Health and Cost-savings through Class Privilege and Contacts

Recently our family had an experience of cheaper and easier health care, because of the people that we know and our current financial status.

My 19-year-old son was diagnosed with an eye condition, kerataconus, that was causing his eyesight to degrade. His eye doctor recommended that he get surgery – but the surgery wasn’t FDA-approved, thus wasn’t covered by my Blue Cross health insurance.

This was the first way class privilege changed this story: that we were able to afford a multi-thousand dollar operation that wasn’t covered by insurance. It would take a chunk of our savings, but we could afford it. I researched how to get it done mostly cheaply and conveniently, acutely aware of the fact that many people with this disease but less wealth would simply face impending blindness or severe sight challenges because of the steep cost of the surgery – or take out a large loan.
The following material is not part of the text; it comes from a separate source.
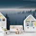 Omvandla ditt barns rum till en lugn plats med denna barn tapet som representerar en mystisk skog insvept i dimma. Silhuetterna av majestätiska träd framträder i lugnande blå nyanser och skapar en fridfull och fängslande atmosfär.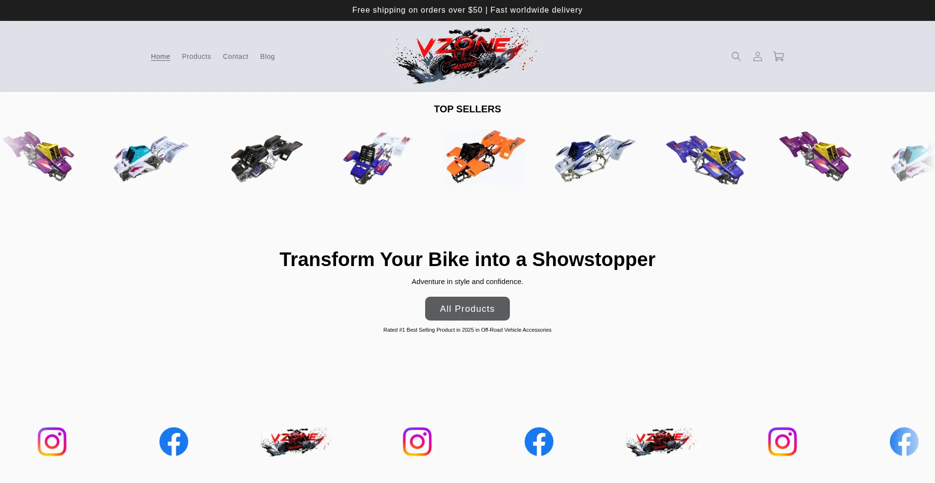 网站上存在社交媒体链接表明 vzonemotors.com 在社交媒体上维护官方账户,这是可信度和参与度的积极信号。

I compared the costs of having the surgery done in Montreal, where it was a legal procedure, versus having it done in Boston within a clinical trial that was going on in 2014, ending on December 31st. After many hours of calls, e-mails, reading, and cost comparisons, I calculated that we would save about $2500 by having it done in Montreal, in spite of the added travel costs and hassle. I booked his surgery for mid-January, 2015; booked three nights in a Montreal hotel; and put in a request to take three days off of my job.

Then, in mid-December, my partner and I were at a neighborhood holiday party, and found ourselves chatting with a friend and neighbor who did health research at Mass General Hospital for a living. When he heard about the kerataconus surgery, he told us that his office neighbor at MGH worked on that disease, and offered to put us in touch with her.

Long story short: within a few days, I received a long e-mail string between my neighbor, his office mate at MGH, and the surgeon leading the clinical trial on the kerataconus surgery. The surgeon was offering to conduct the operation on our son for the Montreal price – over $1,000 cheaper per eye than what they had quoted me earlier in the fall. The reason they stated was “because you are a friend of our co-worker.”

So I booked the surgery for December 31 in Boston, and canceled the surgery and the hotel room in Montreal. It went without a hitch, and we enjoyed a much cheaper procedure and greater convenience for the surgery and all the follow-up appointments.

We are happy and grateful to have benefited from this connection with our neighbor and his colleague, but know that it happened because of the connections we have, and the wealth that we already enjoy. If we had lived in a poor neighborhood, the chances of making such a connection would have been much lower, or maybe non-existent. It was one of the starkest examples of benefiting from social capital that I’ve ever experienced.

I’m now inspired to “pay it forward” — to work against our biased “healthcare system” (= profit-making system not actually focused on the public’s health!) by donating to Healthcare for All; by working to get more resources into low-income communities; and by educating people about class bias — which I try to do through my work with YouthBuild programs across the country.

One’s health, and one’s eyesight, shouldn’t have to hinge on social connections, status, or wealth. Health should be a right, not a privilege.